Sugeng Hidayat, ketua umum Asiri, menyatakan hal yang sama
dengan nada penasaran. Yang senang adalah kantor pajak. Menurut
sebuah sumber, selama Februari sampai Juli, Direktorat Jenderal
Pajak berhasil mengumpulkan Rp 3 milyar dari PPn kaset. Padahal
tahun lalu, sebelum ada stiker cukai, pajak yang masuk kabarnya
hanya sekitar Rp 60 juta-Rp 70 juta.
Kesimpulannya, menurut Sugeng, SK Menteri Keuangan yang
dikeluarkan Desember 1982 lalu baru mencapai satu sasaran:
mengamankan pendapatan pemerintah dari sektor PPn kaset. Akan
halnya kepentingan perusahaan rekaman dan artis, masih jauh
panggang dari api. Apalagi karena kaset yang memakai stiker,
bisa juga berarti asli tapi palsu.
Soalnya stiker tersebut, pembagiannya belum mulus. Pengusaha
rekaman yang hendak melempar kaset ke pasaran, membayar PPn
lebih dahulu lewat pabrik kaset kosong, sesuai dengan jumlah
kaset kosong yang dibelinya. Baru, setelah itu menghubungi
kantor pajak, untuk memperoleh stiker dimaksud. Celakanya, tak
hanya pengusaha rekaman yang bisa membeli kaset kosong dan
stiker itu. Toko kaset atau mereka yang tidak memproduksi kaset
pun, menurut sepengetahuan Sugeng, dibolehkan membeli.

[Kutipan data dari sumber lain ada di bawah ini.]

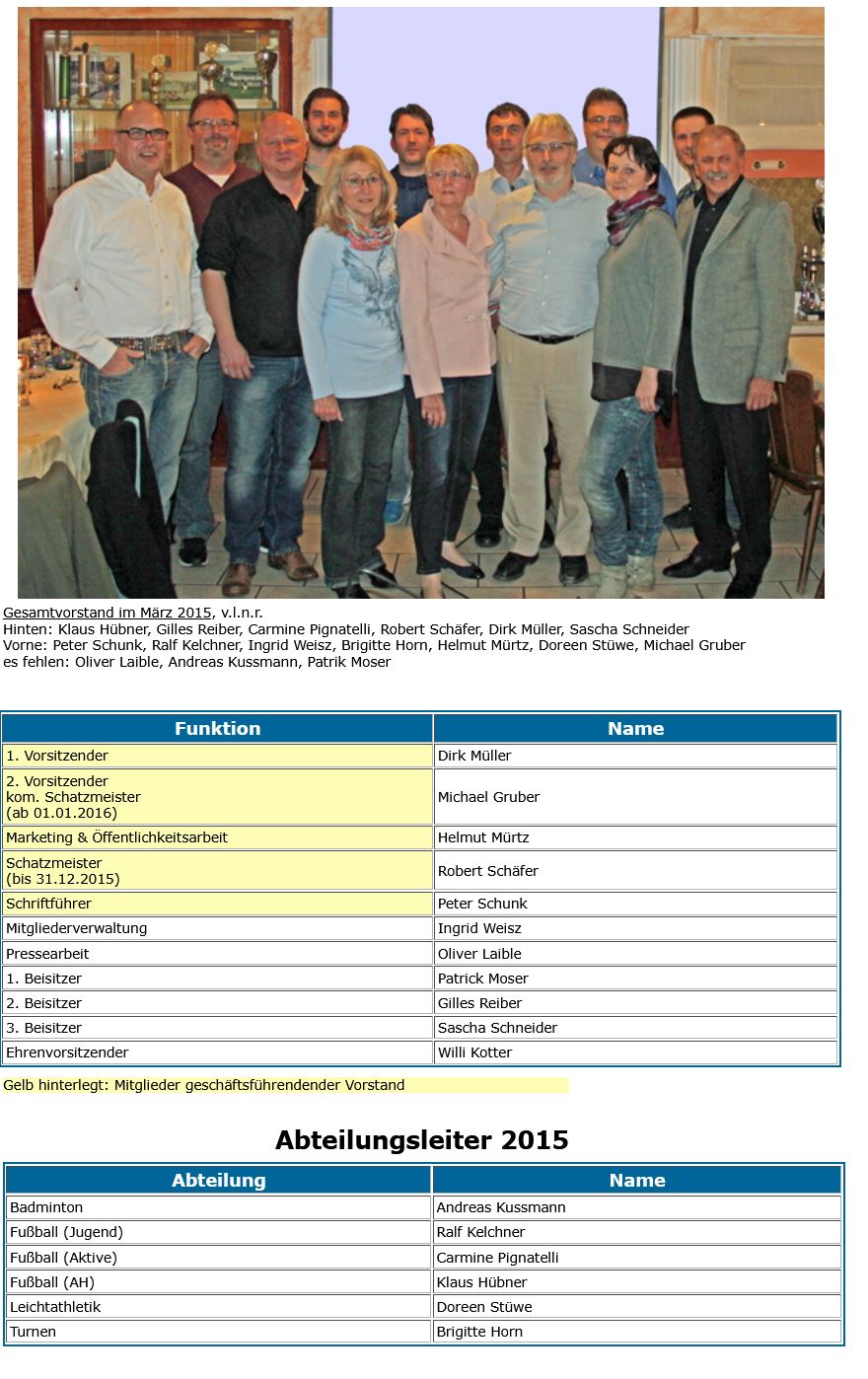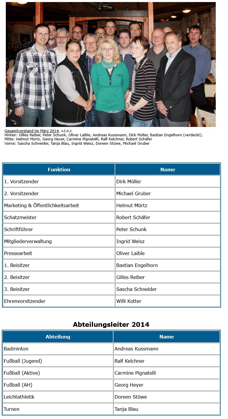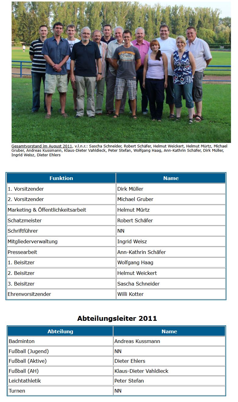 (von links nach rechts): R. Teichgräber (Pressewart), D. Warnecker (Fußball-Aktive), A. Kußmann (Badminton), B. Stärk (Beisitzer), S. Sauer (2. Vorsitzender, Fußball-AH), I. Weisz (Mitgliedsverwaltung), S. Unger (Leichtathletik), P. Schunk (1. Vorsitzender), A. Zeilfelder (Fußball-Jugend), S. Hilgert (Beisitzer), R. Mayer (Schriftführer); nicht auf dem Bild R. Schäfer (Beisitzer)
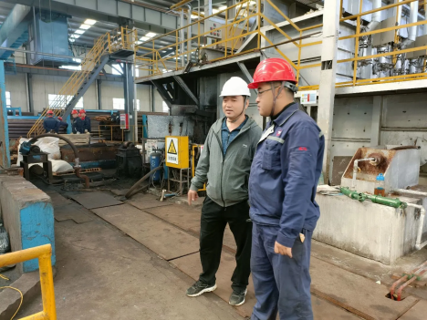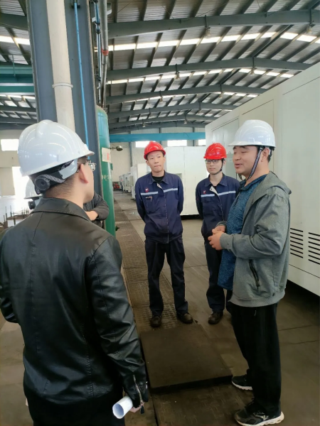 李福玉老师到车间指导日常如何进行机床维修维护,并为企业员工进行焊工技能评定。

Itu bisa diketahui dari daftar pembeli dipabrik kaset kosong.
Jumlah anggota Asiri yang melakukan rekaman ada 46. Ternyata,
menurut sebuah sumber, pelanggan kaset kosong ada 100. Siapa
pelanggan yang lain itu, sulit diketahui. Dan "pembeli gelap"
itulah tampaknya yang kemudian mengedarkan kaset asli tapi
palsu. Artinya, mereka hanya mengedarkan kaset saja tanpa
memproduksi atau mereproduksi, apalagi membayar honor penyanyi
atau pemusik.
Buat pabrik kaset kosong sendiri tentu saja senang bisa menjual
banyak. Menurut yang didengar Arifin Razik, ketua I Asiri,
sebuah pabrik kaset kosong ada yang mempunyai omet 4,5 juta
buah sebulan. Padahal kini ada empat pabrik kaset kosong.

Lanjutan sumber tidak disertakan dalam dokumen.